NOMADLAND

NOMADLAND
América do Norte
Estados UnidosEstados Unidos
Who

Por Luis García Orso *

No meio de uma paisagem gelada e cinzenta, Fern é uma mulher na casa dos 60 anos, sem família, sem casa, sem lugar. Seu marido trabalhava para uma empresa de mineração em uma pequena cidade em Nevada; quando ele morreu, ela decidiu ficar lá. Com a crise econômica de 2008, a empresa fechou, as pessoas foram embora e a cidade desapareceu. Mas Fern, ela não desiste; agora ele vive e se muda em uma van e está aceitando empregos temporários. O último foi em um grande armazém de embalagens da Amazon.

Uma amiga recomenda a Fern que conheça um grupo de aposentados que viajam em caravanas e moram apenas com o necessário e como empregados temporários. Uma comunidade de caminhantes, de peregrinos, que se reúnem periodicamente no deserto do Arizona. Fern vai lá conhecê-los. Então o filme está ligado ao documentário, porque essa comunidade existe; seu líder, Bob Wells, e pessoas reais também se tornam protagonistas no filme, especialmente Linda e Swankie. Assim, a história e a jornada de Fern continuam, e nós com ela, e a ficção se entrelaça com a realidade. Nomadland : uma terra de nômades, de párias do sistema, de sobreviventes, de pessoas que continuam apesar de tudo, porque acreditam na vida mesmo que o império norte-americano não acredite mais nelas.

Uma história na estrada, na van, de pessoas que perderam quase tudo, mas seguem em frente; porque o que a vida traz é mais importante do que atingir a meta, e os encontros com cada pessoa são mais valiosos do que as coisas; e não há lugar fixo, exceto aquele que existe no coração. A viagem de Fern não pode ser entendida sem aquela paisagem aberta e solitária que a envolve com o frio, as estrelas, o fogo, o deserto, as montanhas, a neve. E as memórias que ela guarda: as fotos antigas, a imagem indelével de seu marido, a aliança de casamento, os pratos que seu pai lhe deu, a música com Nat King Cole, o poema que o menino recita sozinho, o horizonte sem limites atrás de seu antigo lar. "Casa não é apenas uma palavra ou um lugar, mas o que você carrega dentro de você." Além do desenraizamento físico, a dignidade e a esperança animam a vida.

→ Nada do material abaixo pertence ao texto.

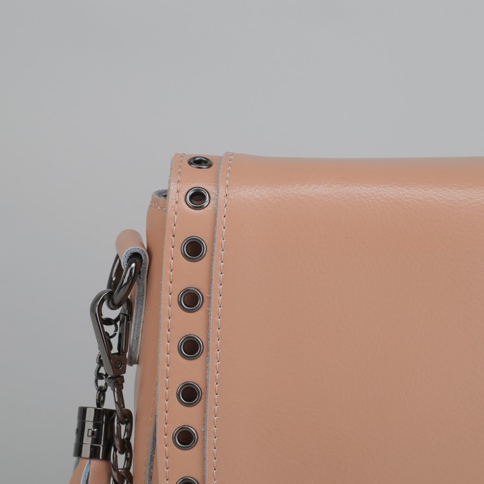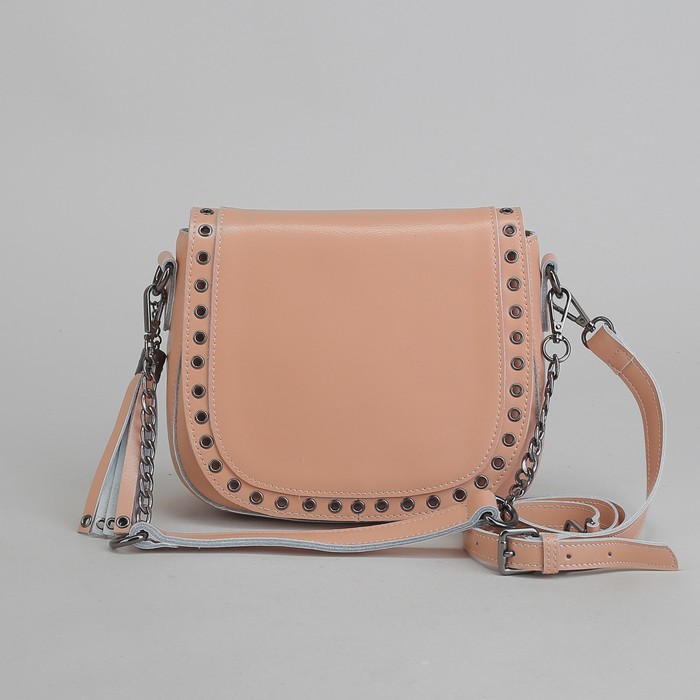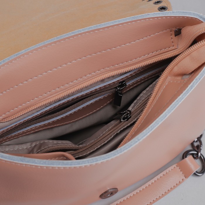 Сумка женская, отдел с перегородкой на молнии, наружный карман, длинный ремень, цвет пудровый

A atriz Frances McDormand foi presenteada com o livro Nomadland de Jessica Bruder - em espanhol intitulado Nomad Country. Sobreviventes do século XXI -, para propô-lo a um diretor quase desconhecido. A jovem cineasta chinesa Chloé Zhao estudou no Reino Unido e em Nova York. Ele filmou Songs My Brother Taught Me (2015) e The Rider (2017), com atores e atrizes não profissionais, escalando nativos americanos como personagens principais; mas essas duas obras não foram distribuídas no México. Com Nomadland realiza um filme intimista e contemplativo, no mesmo Terrence Malick Badlands. Para os dois cineastas, o ser humano é uma minúscula criação imensamente digna, no meio de um universo sem medida que o cobre e de seres humanos que chegam de presente. O filme sustenta sua beleza com a forte presença de Frances McDorman, a fotografia precisa de Joshua James Richard e a música para piano do italiano Ludovico Einaudi. O filme foi premiado em todos os festivais por onde passou.

Em um evento extraordinário, nos 93 anos do Oscar, o prêmio de melhor diretor do melhor filme vai para uma jovem asiática. Ao receber o prêmio, Chloé o dedicou “Àqueles que têm fé e coragem para manter a bondade em si e na dos outros, por mais difícil que seja”.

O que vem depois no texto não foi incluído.